Overconfident

Before You Begin
Pause and breathe. Even if this shouldn't be happening... accept that it is and embrace it with composure and calmness.
Calmness is the only way forward because without calm, there is no possibility for receptiveness and connection. Your child won't give to you any more than they see from you.
Never forget that a strong connection is fundamental, as there will be no correction in them if there is no connection with you.
The Core Problem
The child is actually trying to hide feelings of insecurity or self-doubt.
What Will Make It Worse
Reacting with criticism or belittling the child's overconfidence will worsen the situation by magnifying the core problem.
What The Child Needs
1. To embrace humility: Encourage the child to recognize their strengths while also acknowledging that, like everyone, there are going to be things that they aren't as good at. They need to understand that while it is important to believe in yourself, it is just as important to know when it's time to ask for help, accept outside guidance, applaud others for their strengths, or learn something from someone else.
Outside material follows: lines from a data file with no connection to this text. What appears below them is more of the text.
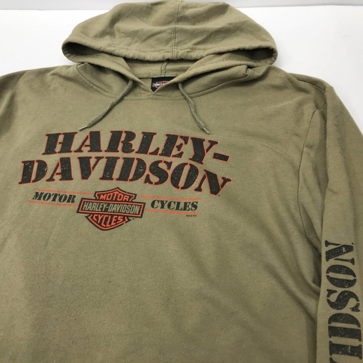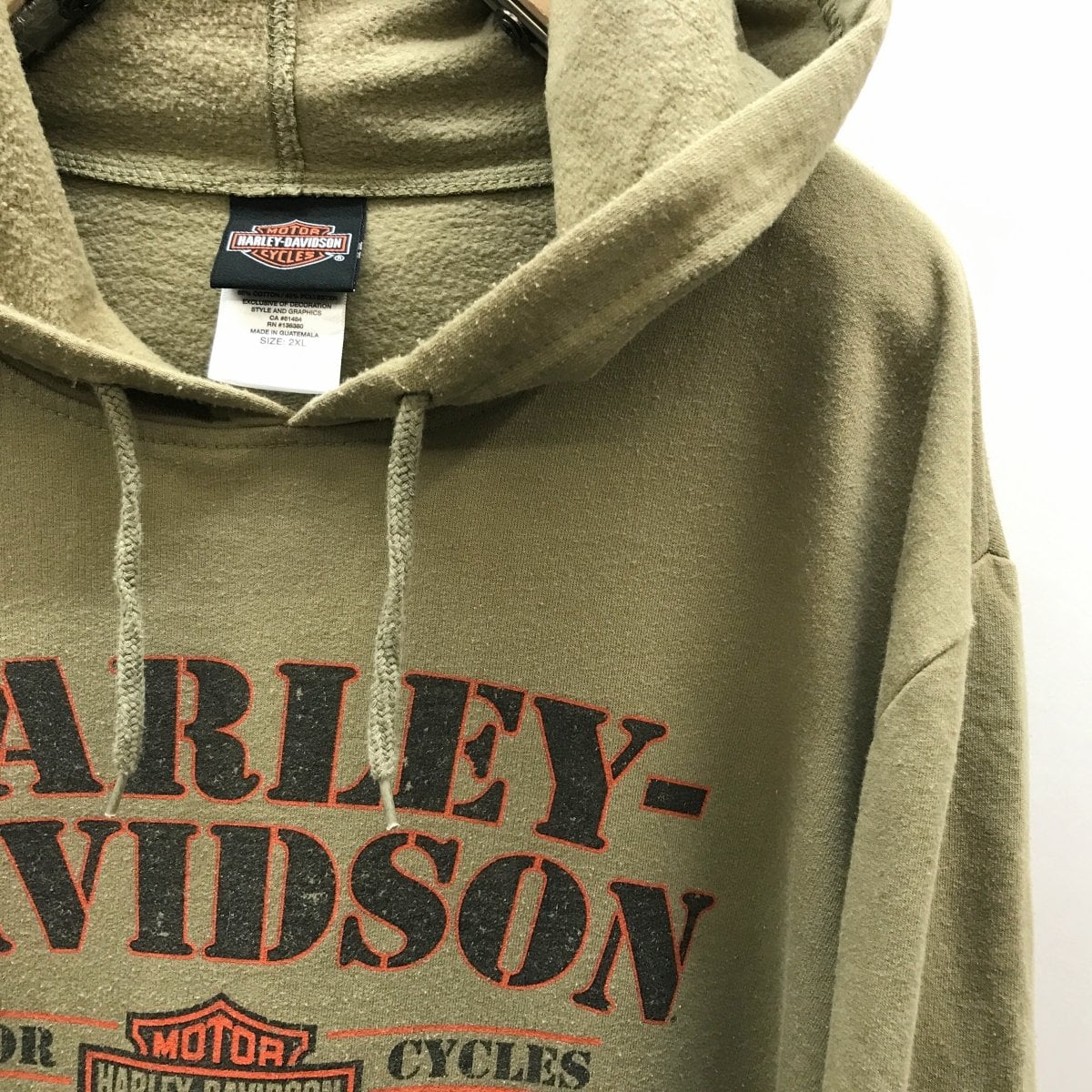 HARLEYDAVIDSON ハーレーダビッドソ 00年代 WORTH HARLEY-DAVIDSON 長袖 両面と袖プリントパーカー うすカーキ XXL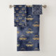 Custom Luxury Gold Bee Navy Night Celestial Bath Towel Set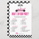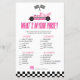 Este é um carro de corrida cor-de-rosa O que está no jogo do seu Chá de fraldas. O que há na sua bolsa? - Os convidados terão pontos para cada item que tiverem na bolsa. Quem ganha mais pontos, ganha!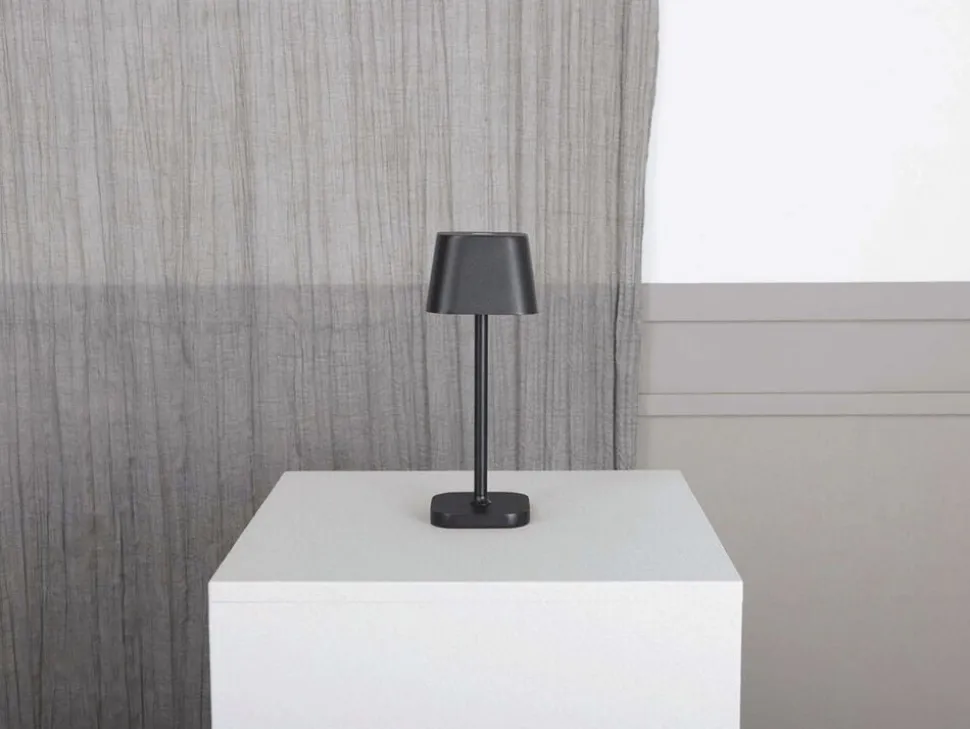 Den minimalistiske Isa lampe er udført i sort aluminum. Den elegante LED-lampe kan tændes ved hjælp af sin touch-funktion, og lampen har et USB-stik.

2. To self-reflect and address their insecurities: Let them know that everyone has insecurities that make them uncomfortable and they want to hide... it's a part of being human. It doesn't do any good to cover them up with an excessive level of confidence as a solution. Ask them to think if there have been times recently where they projected huge confidence as a way to feel better about themselves. If so, work with them make a plan to directly address or solve for what it is that's making them feel that way.
3. Positive reinforcement: Offer positive reinforcement and recognition for BOTH the times when the child demonstrates humility, and when appropriate, confidence in themselves.
How To Have The Conversation With Your Child
Find a private space, without distractions, where the child feels comfortable talking freely.
Begin the conversation with empathy, saying that at times everyone feels self-doubt or insecurity. Give examples from your life if you can.
Share with them that recently you have noticed their confidence seems to spike and that you think it may actually be because they are dealing with their insecurities or self-doubt.
Next, talk through the topics of humility and self-reflection listed above.
The goal is for the child to come away from the conversation maintaining the healthy confidence they have in themselves, but also, better prepared to identify and address moments of insecurity constructively.